HOW TO COMPLETE THIS TASK: From the material below, set down exactly the lines that run from the one containing "Pink blouse made" to the one containing "choker-neck short-sleeve top", minus the pictures.

[EXERCISE INPUT]

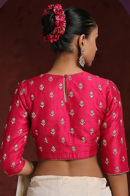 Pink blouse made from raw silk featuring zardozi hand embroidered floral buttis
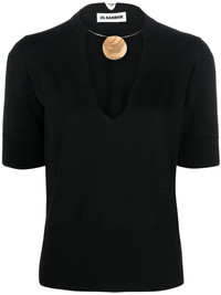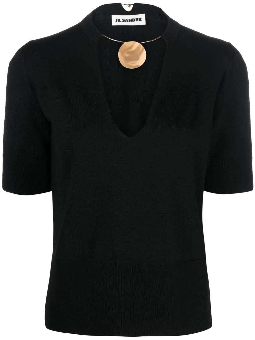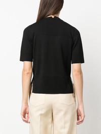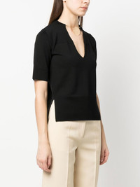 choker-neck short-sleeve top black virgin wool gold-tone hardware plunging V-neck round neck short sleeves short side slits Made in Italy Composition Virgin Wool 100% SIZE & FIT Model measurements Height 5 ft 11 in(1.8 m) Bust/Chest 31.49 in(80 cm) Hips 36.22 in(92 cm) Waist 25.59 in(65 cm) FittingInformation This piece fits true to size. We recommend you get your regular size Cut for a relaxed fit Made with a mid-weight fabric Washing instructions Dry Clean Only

[/EXERCISE INPUT]
[EXERCISE INPUT]

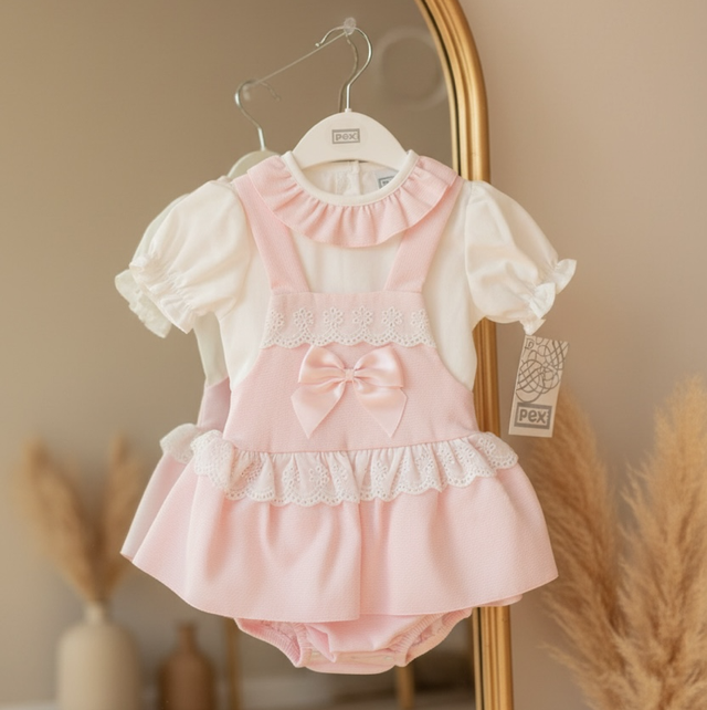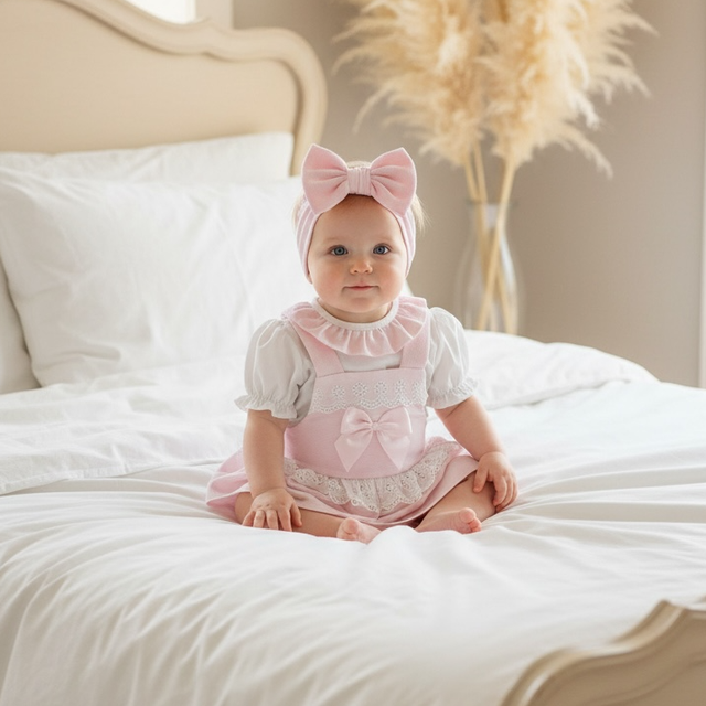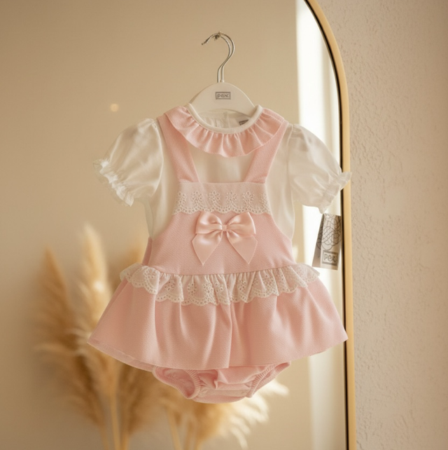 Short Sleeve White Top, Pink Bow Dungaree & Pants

[/EXERCISE INPUT]

RESPONSE BOX:
 Pink blouse made from raw silk featuring zardozi hand embroidered floral buttis
 choker-neck short-sleeve top black virgin wool gold-tone hardware plunging V-neck round neck short sleeves short side slits Made in Italy Composition Virgin Wool 100% SIZE & FIT Model measurements Height 5 ft 11 in(1.8 m) Bust/Chest 31.49 in(80 cm) Hips 36.22 in(92 cm) Waist 25.59 in(65 cm) FittingInformation This piece fits true to size. We recommend you get your regular size Cut for a relaxed fit Made with a mid-weight fabric Washing instructions Dry Clean Only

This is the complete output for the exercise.